I can make it arbitrarily fast if I don’t actually have to make it work.
Digging way back into my pre-Microsoft days, I was recently reminded of a story that I believe was told to me by Mary Shaw back when I took her Computer Optimization class at Carnegie-Mellon…
During the class, Mary told an anecdote about a developer “Sue” who found a bug in another developer’s “Joe” code that “Joe” introduced with a performance optimization. When “Sue” pointed the bug out to “Joe”, his response was “Oops, but it’s WAY faster with the bug”. “Sue” exploded “If it doesn’t have to be correct, I can calculate the result in 0 time!” .
Immediately after telling this anecdote, she discussed a contest that the CS faculty held for the graduate students every year. Each year the CS faculty posed a problem to the graduate students with a prize awarded to the grad student who came up with the most efficient (fastest) solution to the problem. She then assigned the exact same problem to us:
“Given a copy of the “Declaration of Independence”, calculate the 10 most common words in the document”
We all went off and built programs to parse the words in the document, inserting them into a tree (tracking usage) and read off the 10 most frequent words. The next assignment was “Now make it fast – the 5 fastest apps get an ‘A’, the next 5 get a ‘B’, etc.”
So everyone in the class (except me :)) went out and rewrote their apps to use a hash table so that their insertion time was constant and then they optimized the heck out of their hash tables.
After our class had our turn, Mary shared the results of what happened when the CS grad students were presented with the exact same problem.
Most of them basically did what most of the students in my class did – built hash tables and tweaked them. But a couple of results stood out.
- The first one simply hard coded the 10 most common words in their app and printed them out. This was disqualified because it was perceived as breaking the rules.

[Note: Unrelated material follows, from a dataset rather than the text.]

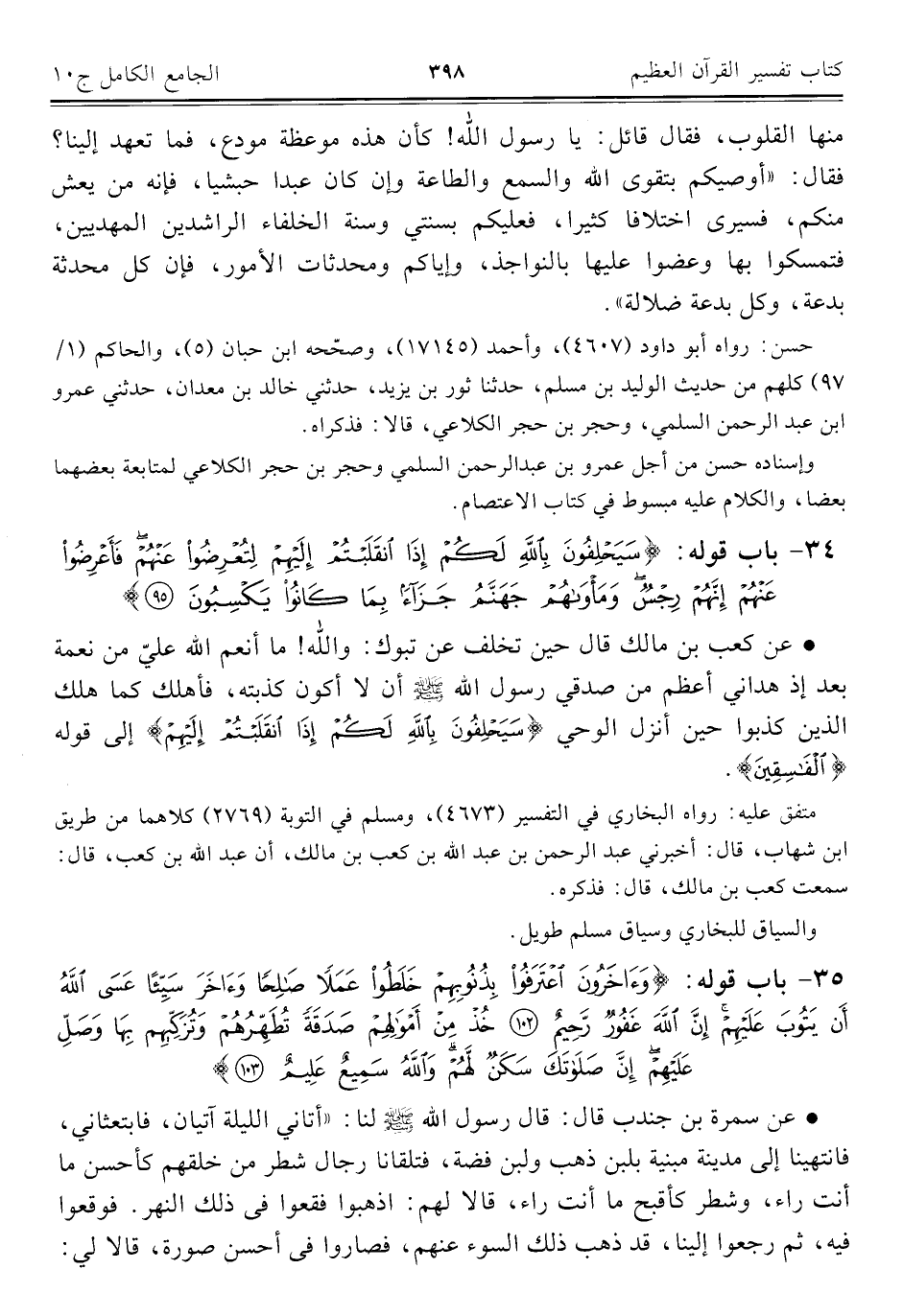 ٣٤ - باب قوله: {سَيَحْلِفُونَ بِاللَّهِ لَكُمْ إِذَا انْقَلَبْتُمْ إِلَيْهِمْ لِتُعْرِضُوا عَنْهُمْ فَأَعْرِضُوا عَنْهُمْ إِنَّهُمْ رِجْسٌ وَمَأْوَاهُمْ جَهَنَّمُ جَزَاءً بِمَا كَانُوا يَكْسِبُونَ (٩٥)}
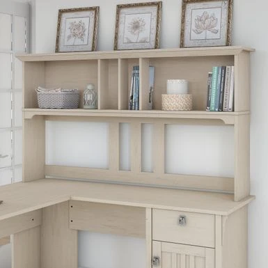 Curate a charming area for storage and display for books, photos, decorations and more with this inviting and elegant hutch. Two large open cubby areas on either side hold bigger items, and a pair of smaller spaces in the middle are perfect for storing important documents and work-in-progress. The hutch pairs with an L-shaped desk for perfect organization in any space.

- The next one was quite clever. The grad student in question realized that they could write the program much faster if they wrote it in assembly language. But the rules of the contest required that they use Pascal for the program. So the grad student essentially created an array on the stack and introduced a buffer overflow and he loaded his assembly language program into the buffer and used that as a way of getting his assembly language version of the program to run. IIRC he wasn’t disqualified but he didn’t win because he circumvented the rules (I’m not sure, it’s been more than a quarter century since Mary told the class this story).
- The winning entry was even more clever. He realized that he didn’t actually need to track all the words in the document. Instead he decided to track only some of the words in the document in a fixed array. His logic was that each of the 10 most frequent words were likely to appear in the first <n> words in the document so all he needed to do was to figure out what "”n” is and he’d be golden.
So the moral of the story is “Yes, if it doesn’t have to be correct, you can calculate the response in 0 time. But sometimes it’s ok to guess and if you guess right, you can get a huge performance benefit from the result”.
 This anecdote might also come from Jon L. Bentley’s “Writing Efficient Programs”, I’ll be honest and say that I don’t remember where I heard it (but it makes a great introduction to the subsequent story).
 I was stubborn and decided to take my binary tree program and make it as efficient as possible but keep the basic structure of the solution (for example, instead of comparing strings, I calculated a hash for the string and compared the hashes to determine if strings matched). I don’t remember if I was in the top 5 but I was certainly in the top 10. I do know that my program beat out most of the hash table based solutions.